Example 1: the report notes that in 2011 alone, BVI companies bought £3.8 billion of UK property. Assume that property rose in value according to the government’s average house price index (although we know this is mainly high-end property, so this is likely to be conservative), then the rise in value by 2015 would be around 11.8%. Applying CGT at 28% would yield around £125 million of revenues – from the offshore ownership via one jurisdiction and in one year alone.
Example 2: taking the same approach to the FT’s figure of £122 billion owned offshore in England & Wales last year, we have an average rise in value of around 1.9%, with a potential CGT yield for the year of nearly £2.3 billion.
Of course, in neither case do we expect all CGT to have been unpaid; and the liability would only arise were the property sold.

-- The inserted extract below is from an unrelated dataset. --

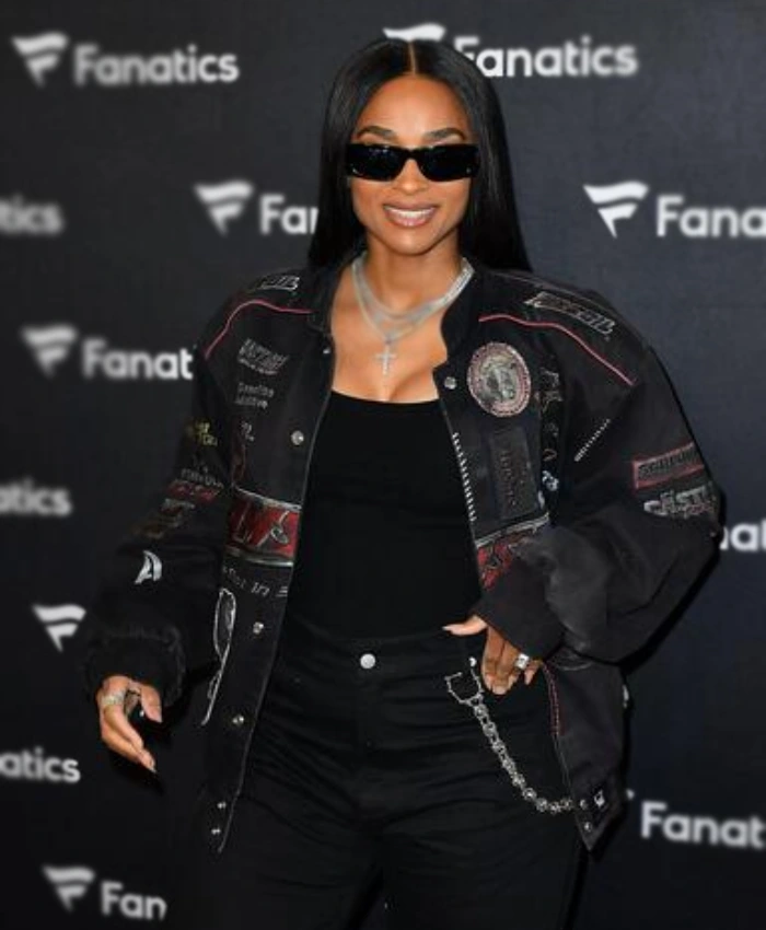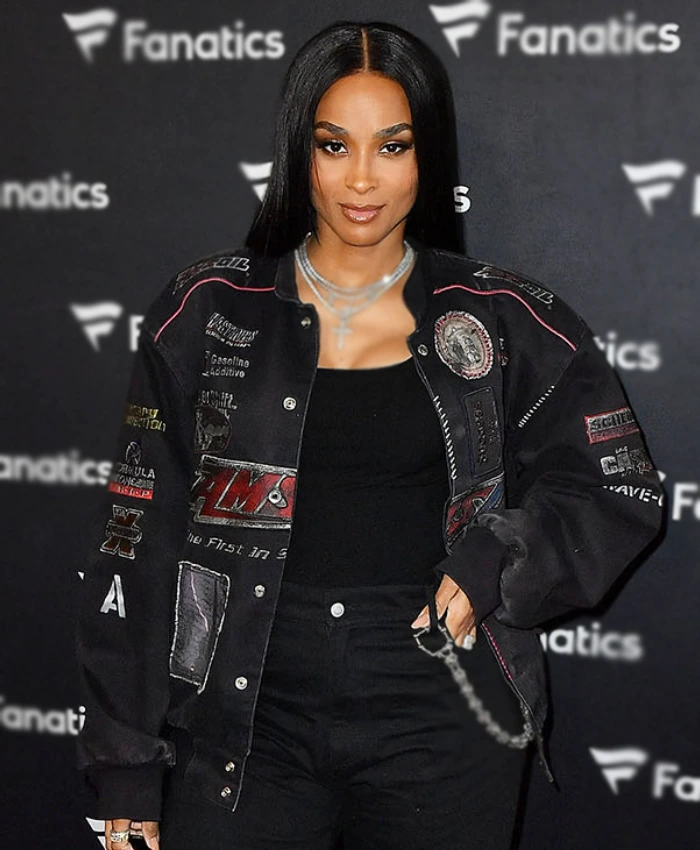 Ciara Super Bowl Party 2026 Black Racing Bomber Jacket For Women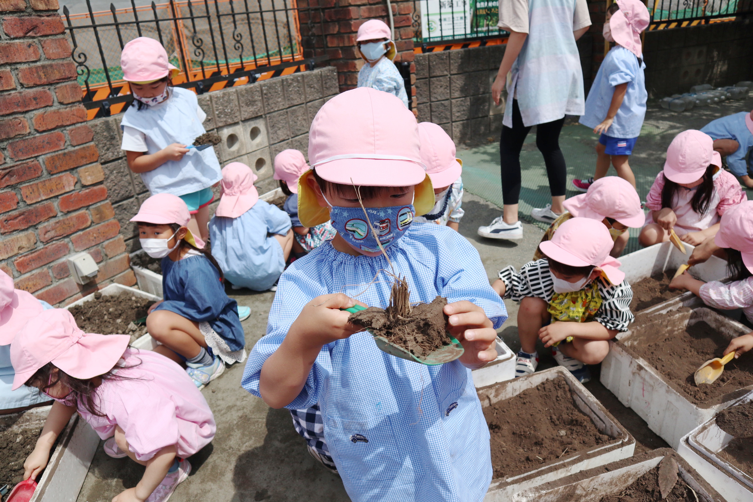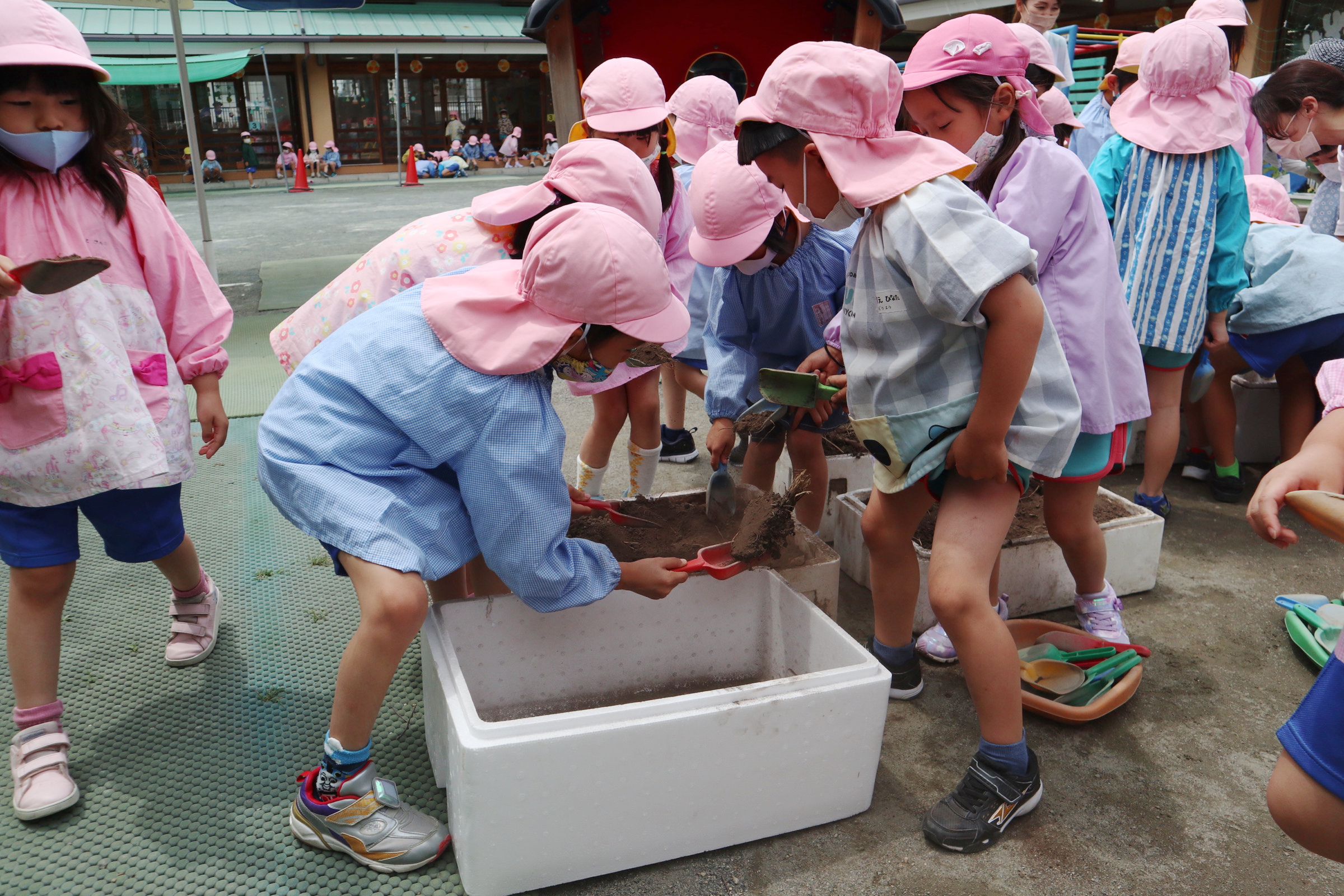 せっせと土を空の発泡スチロールに入れていきます。こちらは昨年の幼稚園の田んぼの土。「サラサラしているね。」風で飛び散らないようそうっと移し替えていたよ。

Still – the potential scale suggests TI’s final recommendation might well pay for itself, or indeed do rather better:
The Land Registry should publish the ultimate beneficial ownership of these properties freely to the public, on the same basis as Companies House is set to do under current UK legislation. Accordingly, companies registered overseas would be required to update beneficial ownership information on the same basis as UK registered companies.
And so say all of us.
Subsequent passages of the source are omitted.